Father Tom McKenna offers the following reflection Getting “In the Spirit” (Samuel 18; Romans 8)
The story of David and Goliath is set inside a larger narrative about the fall of Saul and the rise of David. And the difference between these two is that one, Saul, had the Spirit of Yahweh and then for a variety of reasons lost touch with it. The other, David, is portrayed in one instance after the other as being given this Spirit of Yahweh (e.g., by Samuel’s anointing), and then moving in and with that Spirit through a number of hair-raising adventures, one of which is this battle with the giant, Goliath. David loudly warns him “I come against you in the name of the Lord of hosts…Today, the Lord shall deliver you into my hand…For the battle is The Lord’s.”

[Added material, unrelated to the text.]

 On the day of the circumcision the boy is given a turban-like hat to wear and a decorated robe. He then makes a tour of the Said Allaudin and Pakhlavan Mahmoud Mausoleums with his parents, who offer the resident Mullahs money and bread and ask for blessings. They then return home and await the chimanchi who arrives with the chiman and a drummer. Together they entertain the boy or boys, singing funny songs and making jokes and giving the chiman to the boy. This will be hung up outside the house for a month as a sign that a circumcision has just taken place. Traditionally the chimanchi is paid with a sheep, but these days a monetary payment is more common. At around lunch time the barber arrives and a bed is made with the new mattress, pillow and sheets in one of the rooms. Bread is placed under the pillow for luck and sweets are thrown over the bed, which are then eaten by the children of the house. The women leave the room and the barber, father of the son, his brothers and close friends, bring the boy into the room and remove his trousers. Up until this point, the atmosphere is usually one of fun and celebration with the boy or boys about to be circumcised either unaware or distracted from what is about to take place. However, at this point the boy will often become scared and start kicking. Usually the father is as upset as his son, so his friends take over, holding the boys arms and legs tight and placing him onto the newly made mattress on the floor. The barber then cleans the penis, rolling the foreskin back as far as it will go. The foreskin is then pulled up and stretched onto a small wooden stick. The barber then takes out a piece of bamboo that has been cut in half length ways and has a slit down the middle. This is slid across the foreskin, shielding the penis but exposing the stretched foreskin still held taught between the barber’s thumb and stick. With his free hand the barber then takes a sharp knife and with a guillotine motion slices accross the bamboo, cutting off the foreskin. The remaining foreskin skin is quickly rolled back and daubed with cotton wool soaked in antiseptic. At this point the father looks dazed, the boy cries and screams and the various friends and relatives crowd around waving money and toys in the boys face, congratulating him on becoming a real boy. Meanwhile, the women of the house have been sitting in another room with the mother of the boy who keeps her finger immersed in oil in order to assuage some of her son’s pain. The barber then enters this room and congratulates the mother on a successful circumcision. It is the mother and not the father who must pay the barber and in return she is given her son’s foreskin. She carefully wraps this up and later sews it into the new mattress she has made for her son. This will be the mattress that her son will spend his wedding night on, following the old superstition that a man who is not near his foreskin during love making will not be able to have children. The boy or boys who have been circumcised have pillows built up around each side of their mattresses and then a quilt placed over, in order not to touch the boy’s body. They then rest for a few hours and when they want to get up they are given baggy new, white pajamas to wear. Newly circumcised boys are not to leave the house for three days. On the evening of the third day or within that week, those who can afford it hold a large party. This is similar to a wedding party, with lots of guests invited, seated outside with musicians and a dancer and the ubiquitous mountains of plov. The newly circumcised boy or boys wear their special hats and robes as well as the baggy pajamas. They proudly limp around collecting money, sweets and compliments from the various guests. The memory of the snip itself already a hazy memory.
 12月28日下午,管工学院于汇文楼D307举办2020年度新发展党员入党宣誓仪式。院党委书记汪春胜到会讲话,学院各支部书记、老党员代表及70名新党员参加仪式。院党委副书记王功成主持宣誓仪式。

This is an underlying lesson throughout the whole book of Samuel: people must be in living contact with the Spirit of the Lord if they are to do anything of worth for the Lord and the Lord’s people. Further, they have to be highly and intensely aware that they are doing all these things in and with this presence of the Lord working within. Again in David’s words “…it is not by sword or spear that the Lord saves, but by the Lords’ own hand.” The things that count are being done “in the name of the Lord of hosts.”
And so in David’s underdog victory over Goliath, we have a classic hero-tale which wraps around that fundamental fact: the absolute necessity to be working “in the Spirit,” the sine-qua-non prerequisite to be in touch with, filled, enlightened and strengthened by the Spirit of God.

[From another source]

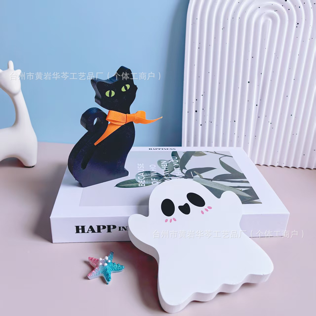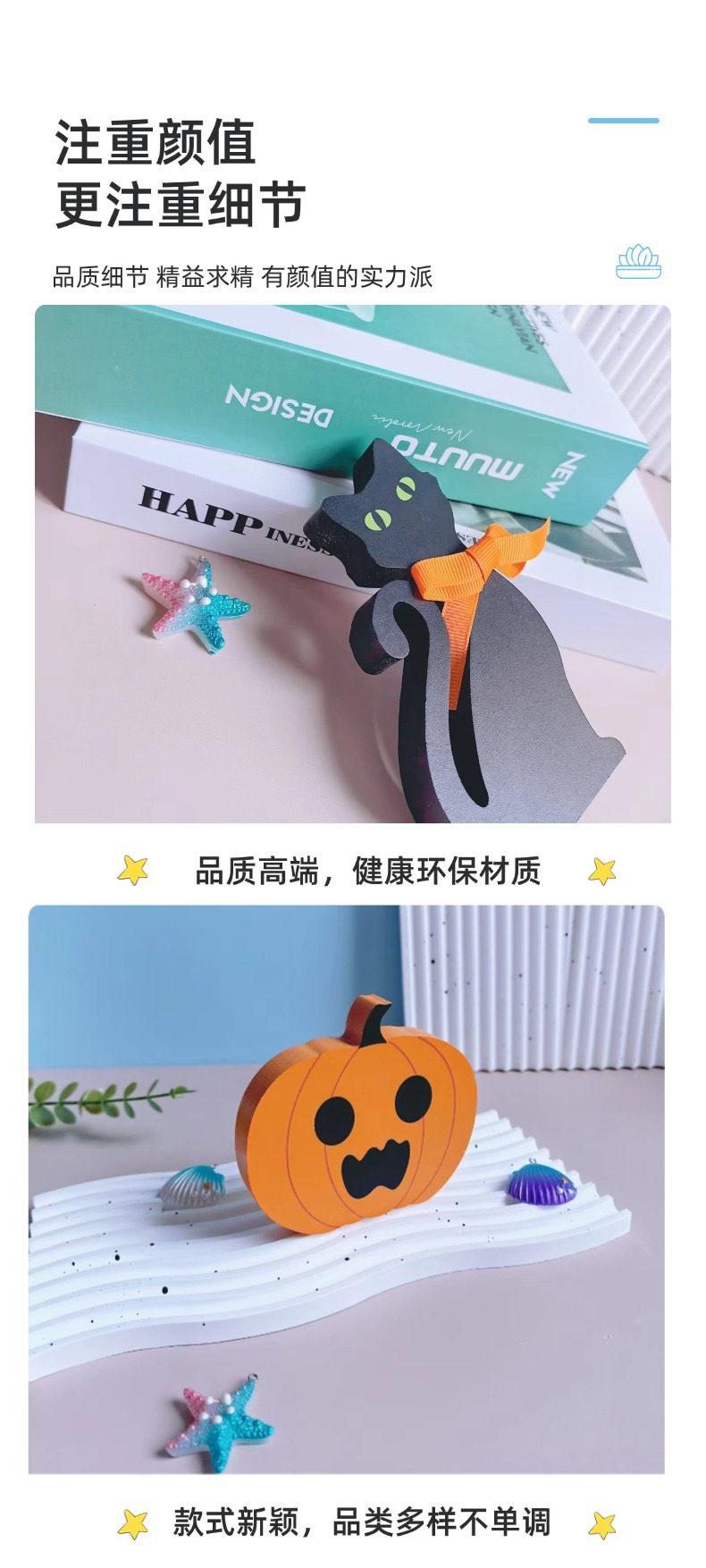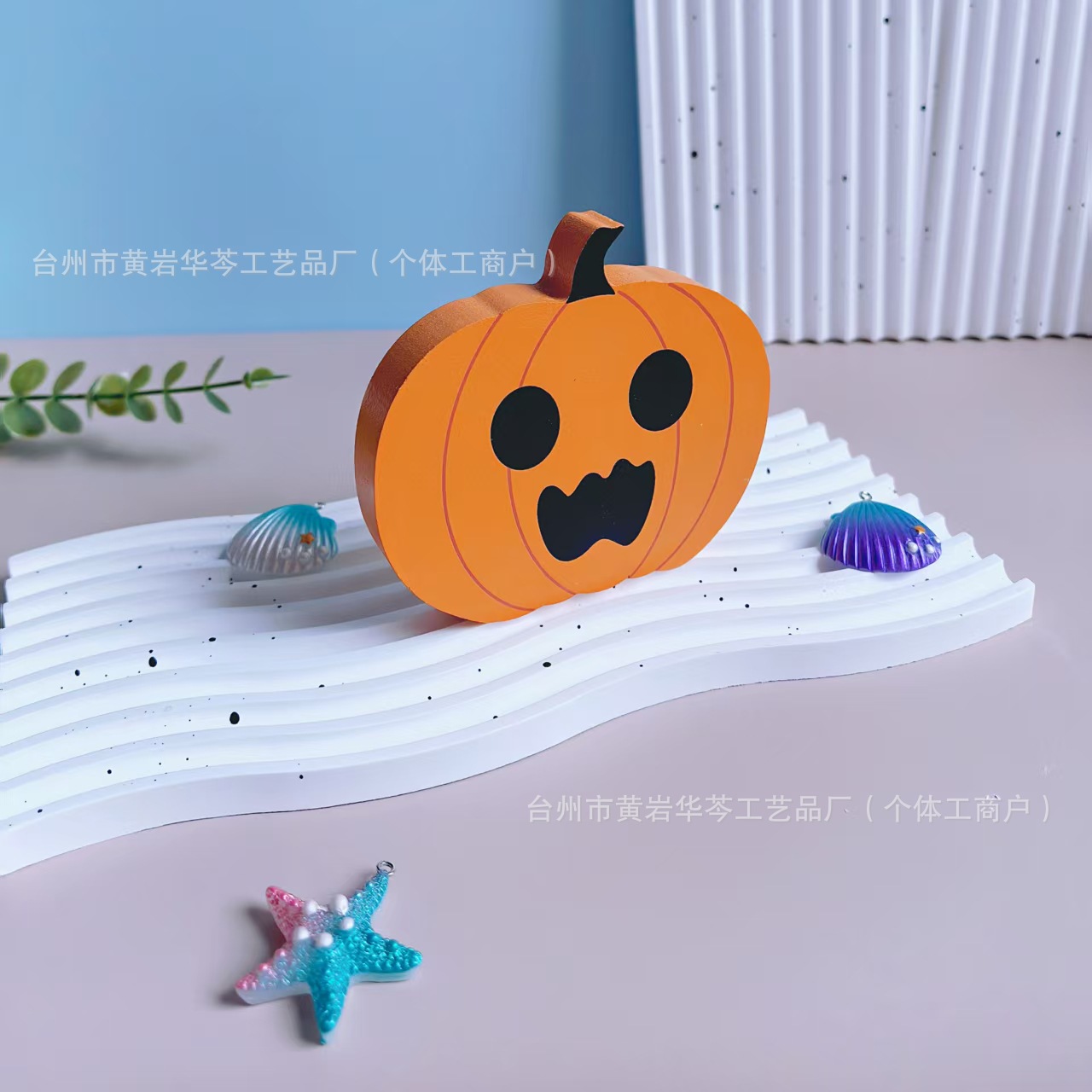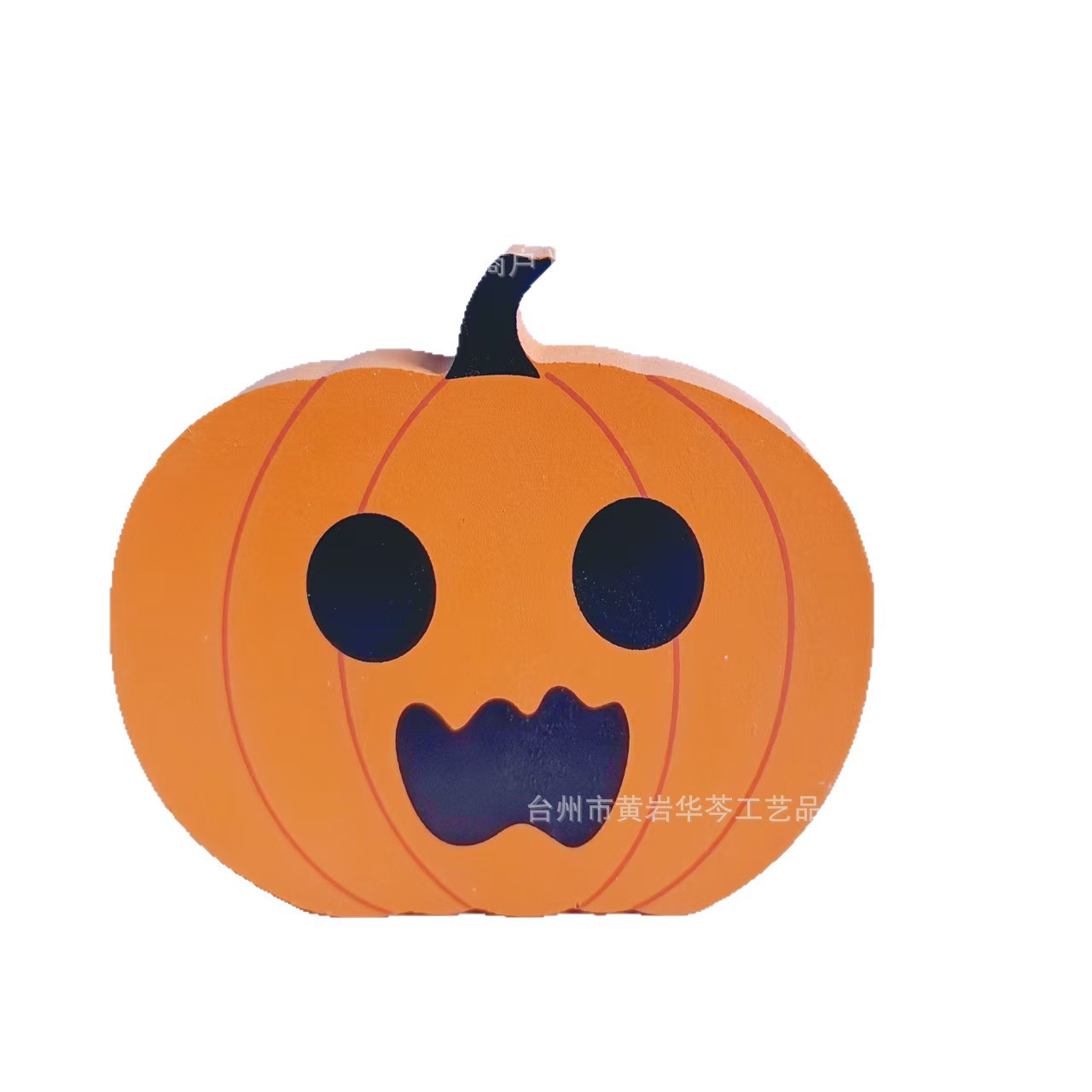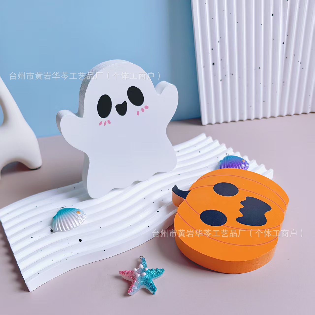 亚马逊爆款万圣节装饰用品南瓜木质摆件幽灵桌面摆件木制工艺品

The New Testament champion (perhaps better, press agent!) of this truth is St. Paul. He’s the one who would keep this mantra before us, “In Christ, In The Spirit.” Whatever you do — teach, govern, work, head a household, administrate, prophesy, heal, preach – do it “In the Lord.”
It’s in Romans (8:26) where the Apostle makes an especially pointed application of this code-phrase to the act of praying. “In the same way, the Spirit helps us in our weakness. We do not know what we ought to pray for, but the Spirit himself intercedes for us through wordless groans.”
Paraphrasing Paul: “Wrap your minds and hearts around this fact. When you first set out to pray, it can seem you’re the one doing all the praying. But not so. Someone, way deeper down inside you than even your own self, is already praying there. Don’t worry when you find yourself stumbling for thoughts and sentiments or feeling spiritually inarticulate. At that very moment something more profound is going on. The Spirit, sitting inside your thoughts and beneath your feelings, is praying your prayers. The Spirit of God is praying you.”
I once heard a speaker liken his initial attempts at prayer to his once going out on a first date with an introvert! He felt this terrible pressure to “keep up the conversation,” to fill in the silences. But as he got to know her better a deeper connection got made and the conversations took on more mutuality. And in time the words seemed to just flow. It was as if something deeper was filling the silences, keeping up the conversation. In his talk on prayer, he went on to testify that something similar happened to him as he began to pray more regularly – something/Somebody was “praying him.”
Whether battling a giant, teaching a truth, managing a project, serving a hungry person or coming before The Lord in prayer, there’s nothing of substance that happens for the Kingdom unless it’s done “in the Spirit.”